PROVIDED INFORMATION →
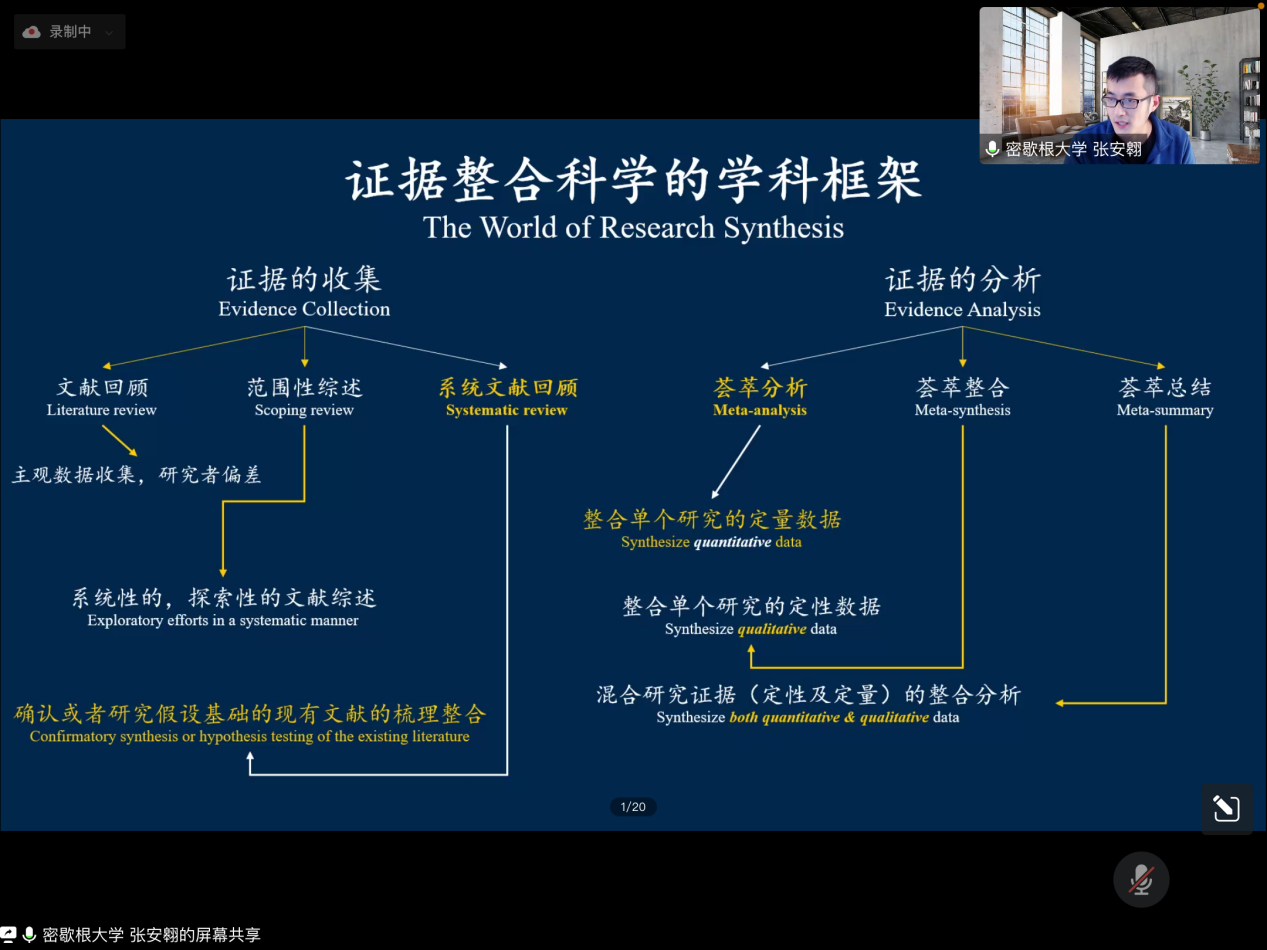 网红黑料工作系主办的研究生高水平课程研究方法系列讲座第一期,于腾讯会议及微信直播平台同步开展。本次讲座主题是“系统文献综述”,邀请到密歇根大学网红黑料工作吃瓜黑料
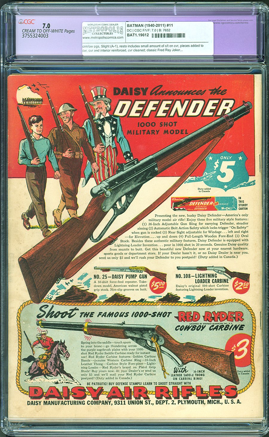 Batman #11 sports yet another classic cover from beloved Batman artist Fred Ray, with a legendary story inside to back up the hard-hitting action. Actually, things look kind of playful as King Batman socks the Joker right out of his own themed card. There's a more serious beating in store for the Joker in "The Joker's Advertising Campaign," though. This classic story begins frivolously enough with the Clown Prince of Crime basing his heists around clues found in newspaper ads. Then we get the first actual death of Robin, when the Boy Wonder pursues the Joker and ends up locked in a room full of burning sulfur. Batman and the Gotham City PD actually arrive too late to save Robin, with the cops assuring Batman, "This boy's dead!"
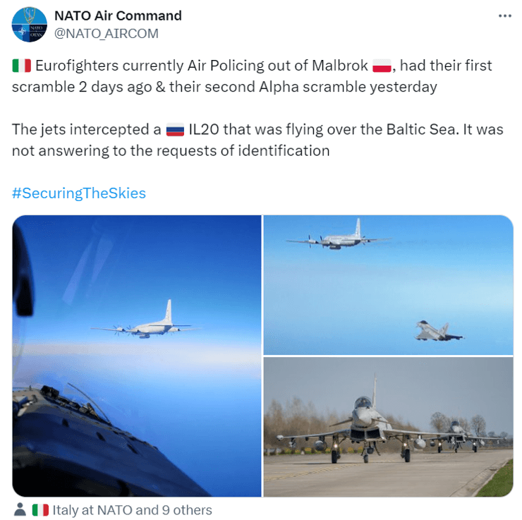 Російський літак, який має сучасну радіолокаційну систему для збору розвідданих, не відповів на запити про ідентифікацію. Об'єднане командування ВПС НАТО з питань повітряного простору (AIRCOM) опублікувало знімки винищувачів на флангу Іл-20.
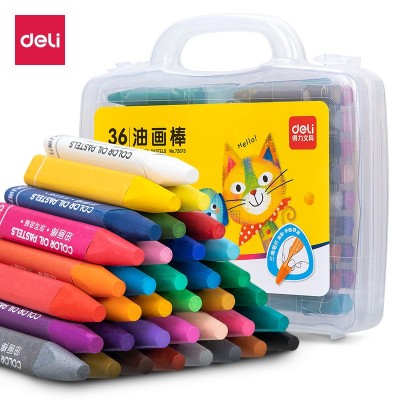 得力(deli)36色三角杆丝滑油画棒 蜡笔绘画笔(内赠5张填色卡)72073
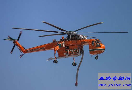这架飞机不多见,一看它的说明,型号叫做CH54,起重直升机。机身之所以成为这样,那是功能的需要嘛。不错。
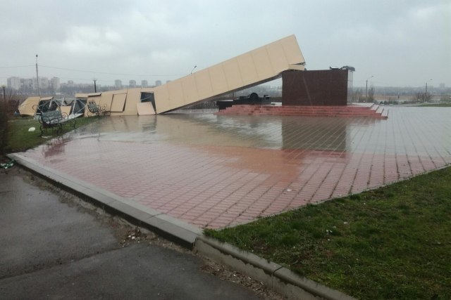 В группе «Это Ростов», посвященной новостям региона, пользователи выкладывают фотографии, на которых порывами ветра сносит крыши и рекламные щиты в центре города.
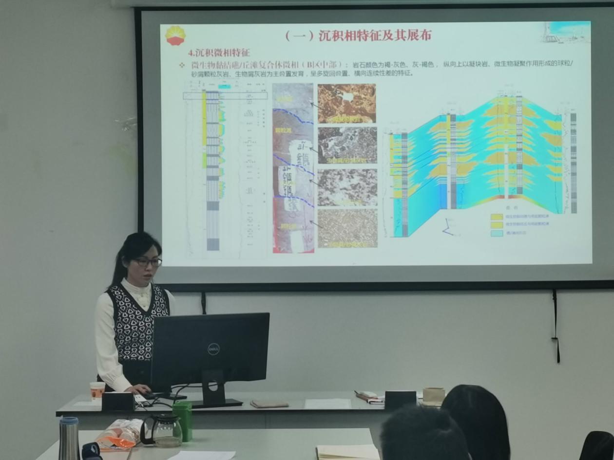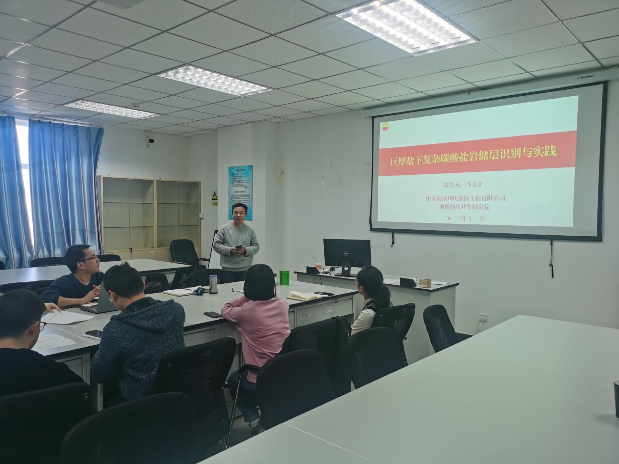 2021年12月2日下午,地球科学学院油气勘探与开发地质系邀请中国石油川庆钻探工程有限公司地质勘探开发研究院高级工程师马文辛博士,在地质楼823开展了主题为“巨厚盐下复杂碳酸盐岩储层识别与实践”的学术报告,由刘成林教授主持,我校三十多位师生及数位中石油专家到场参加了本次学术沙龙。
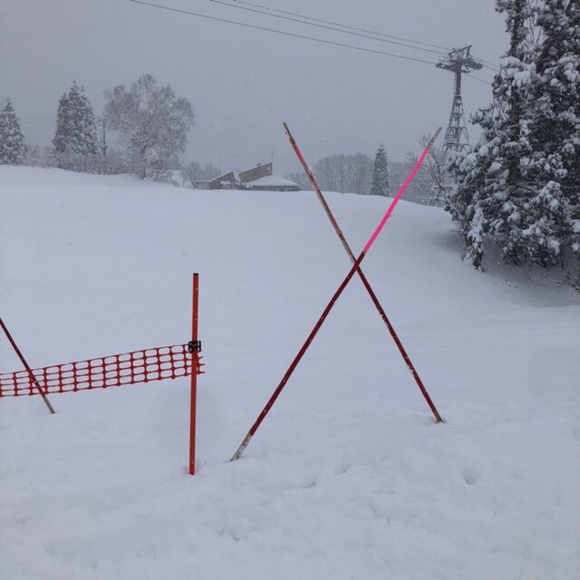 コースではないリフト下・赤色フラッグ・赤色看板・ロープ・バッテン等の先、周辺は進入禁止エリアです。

==

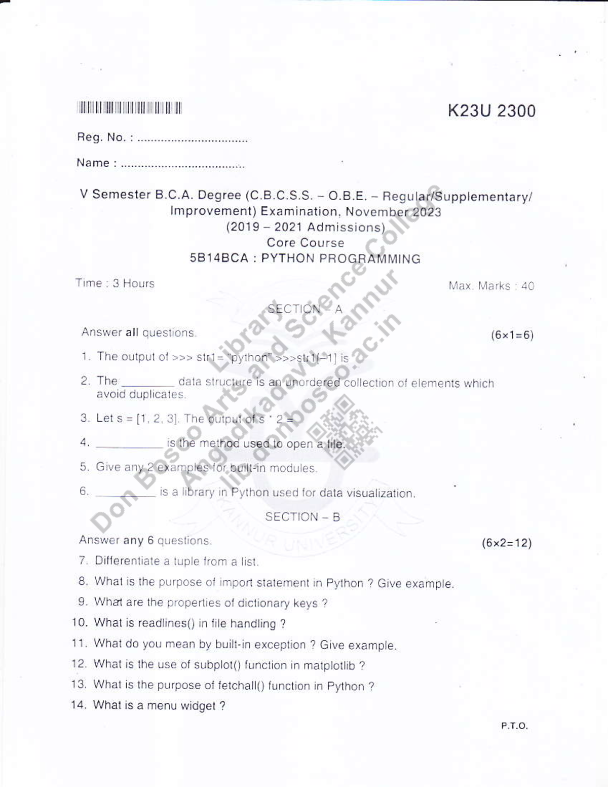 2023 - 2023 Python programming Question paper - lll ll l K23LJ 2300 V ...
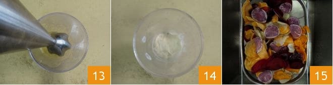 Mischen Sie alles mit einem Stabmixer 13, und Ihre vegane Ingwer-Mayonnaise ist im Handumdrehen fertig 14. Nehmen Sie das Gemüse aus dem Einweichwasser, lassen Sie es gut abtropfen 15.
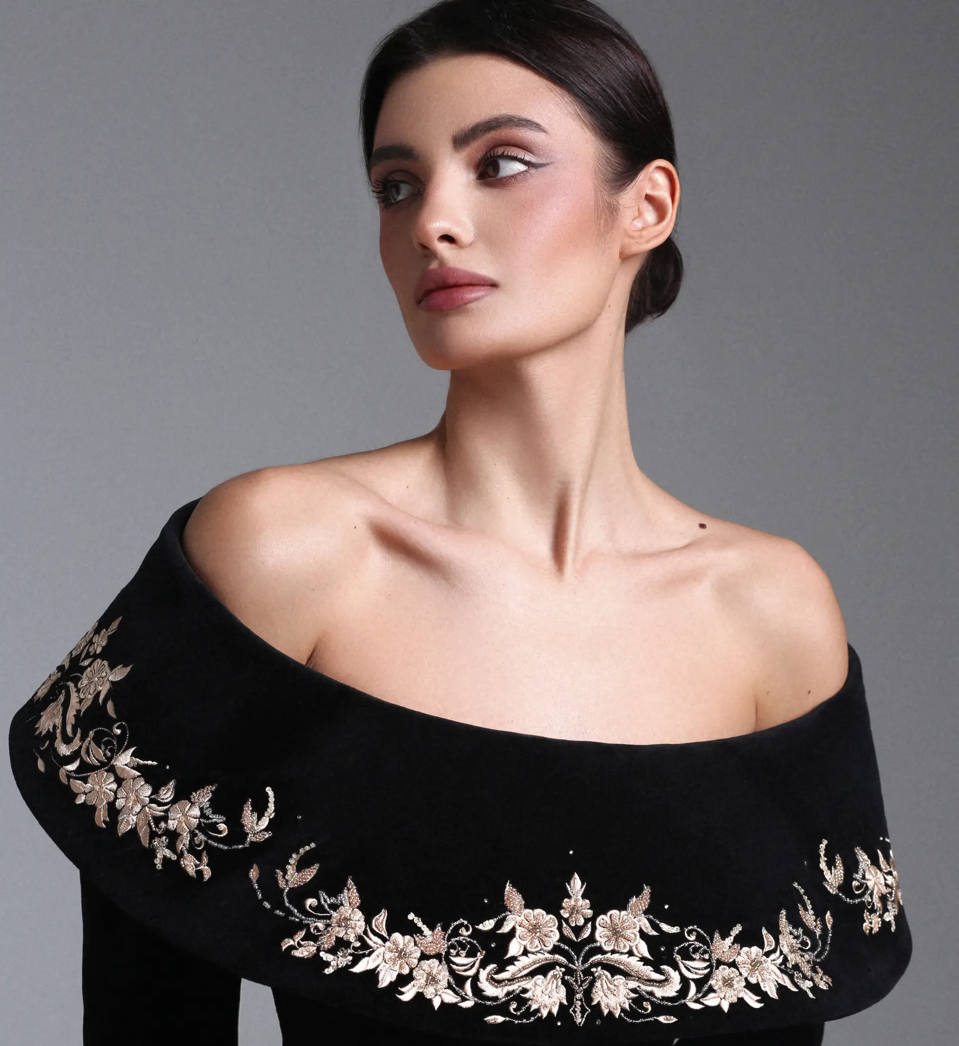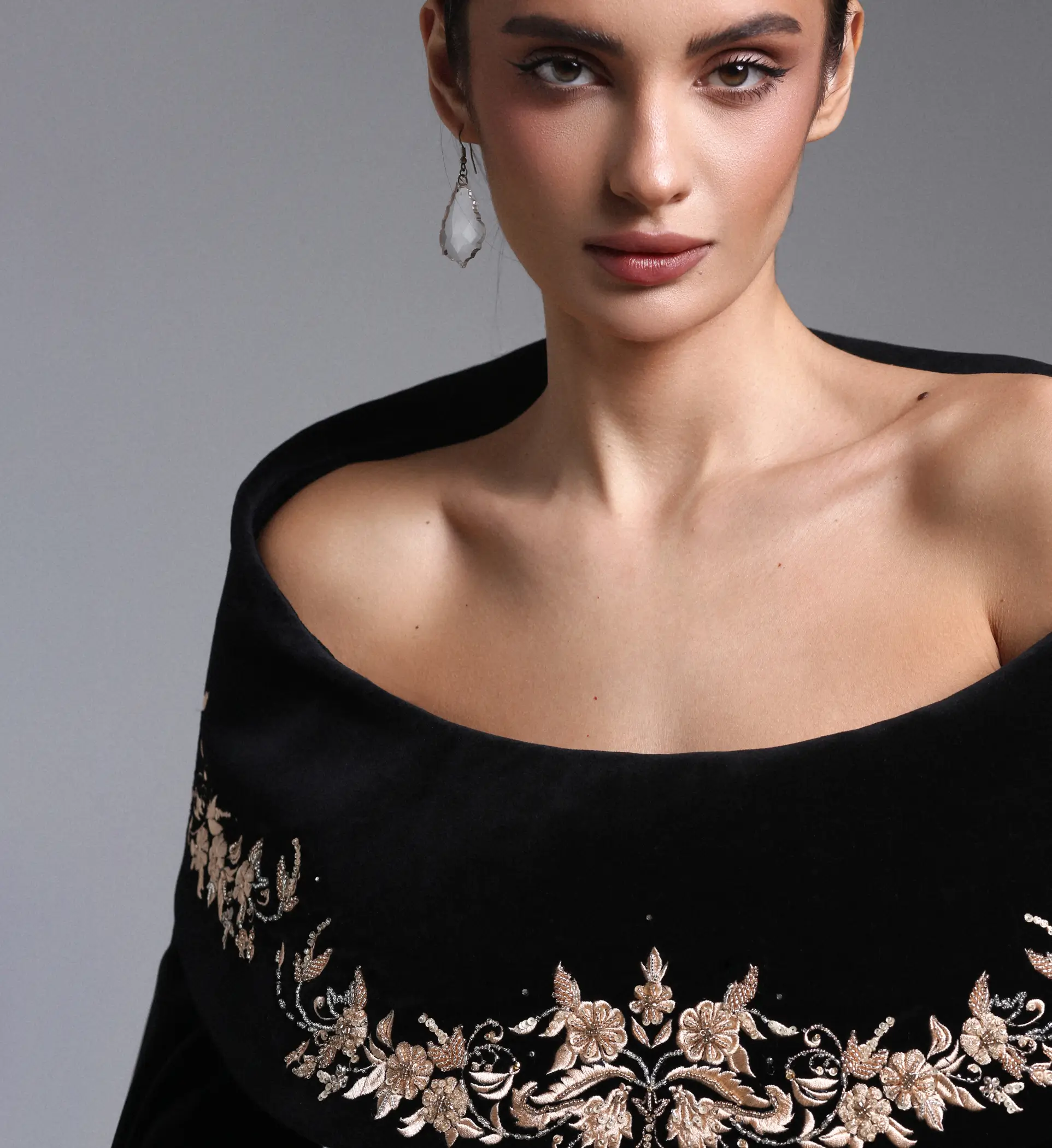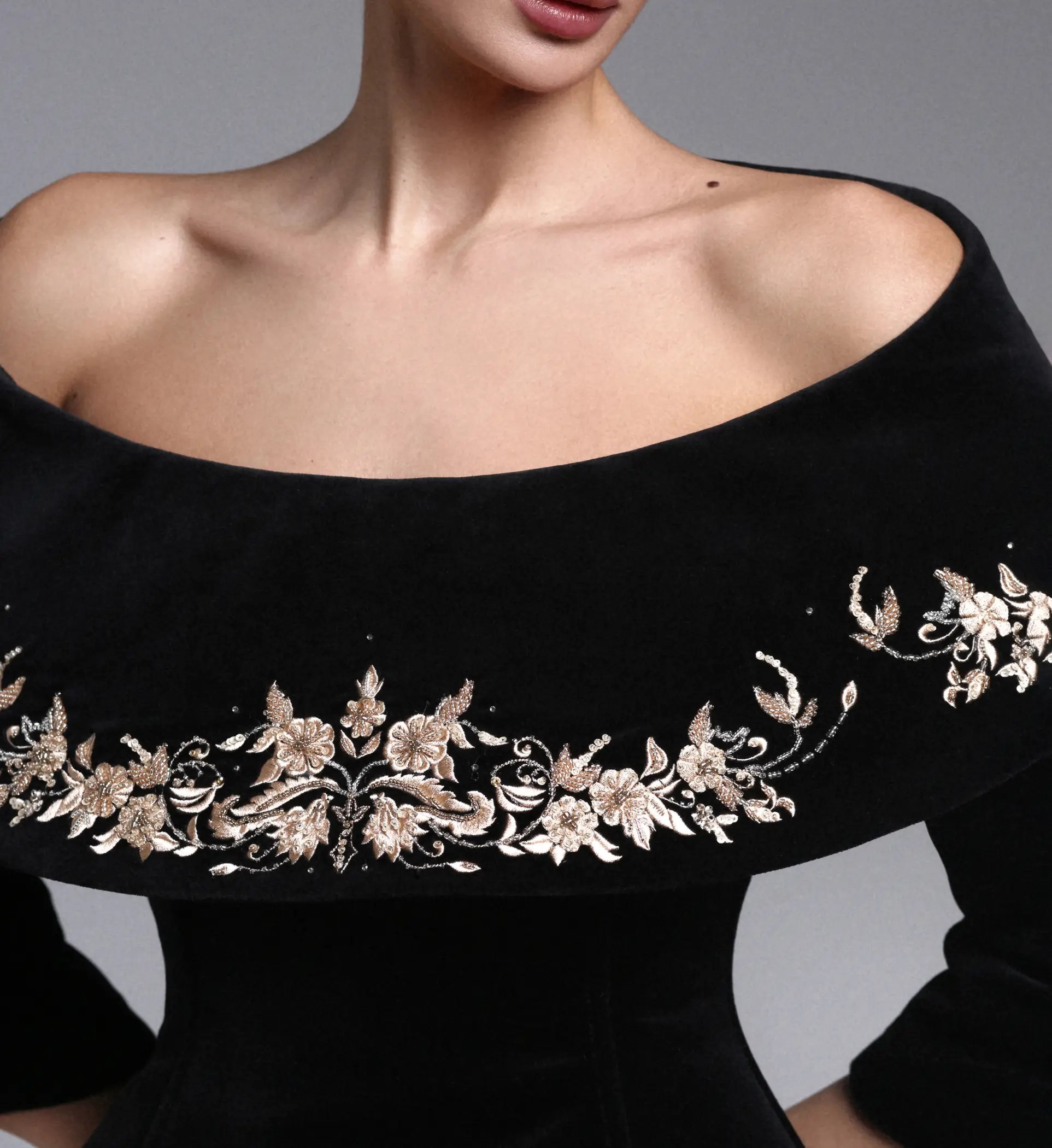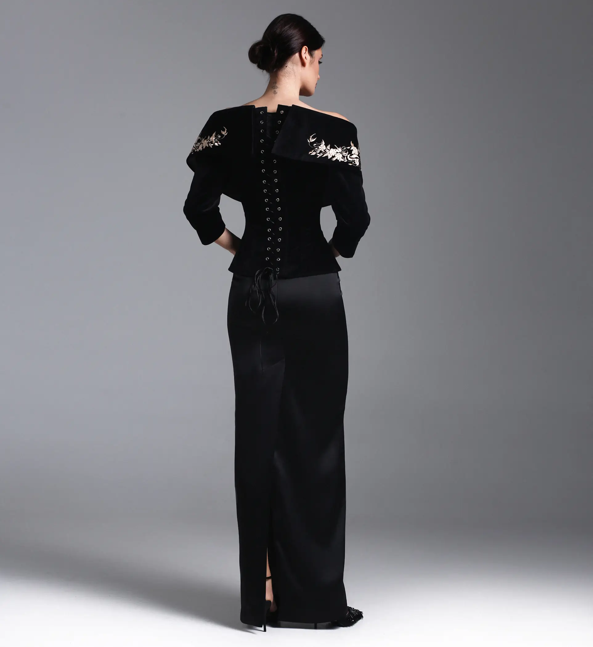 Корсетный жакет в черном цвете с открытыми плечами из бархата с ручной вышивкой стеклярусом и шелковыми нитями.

EXERCISE BRIEF →
Reproduce the data above exactly, but only from the line containing "Mischen Sie alles" through the line containing "Корсетный жакет в"; skip the pictures.

ANSWER SPACE →
 Mischen Sie alles mit einem Stabmixer 13, und Ihre vegane Ingwer-Mayonnaise ist im Handumdrehen fertig 14. Nehmen Sie das Gemüse aus dem Einweichwasser, lassen Sie es gut abtropfen 15.
 Корсетный жакет в черном цвете с открытыми плечами из бархата с ручной вышивкой стеклярусом и шелковыми нитями.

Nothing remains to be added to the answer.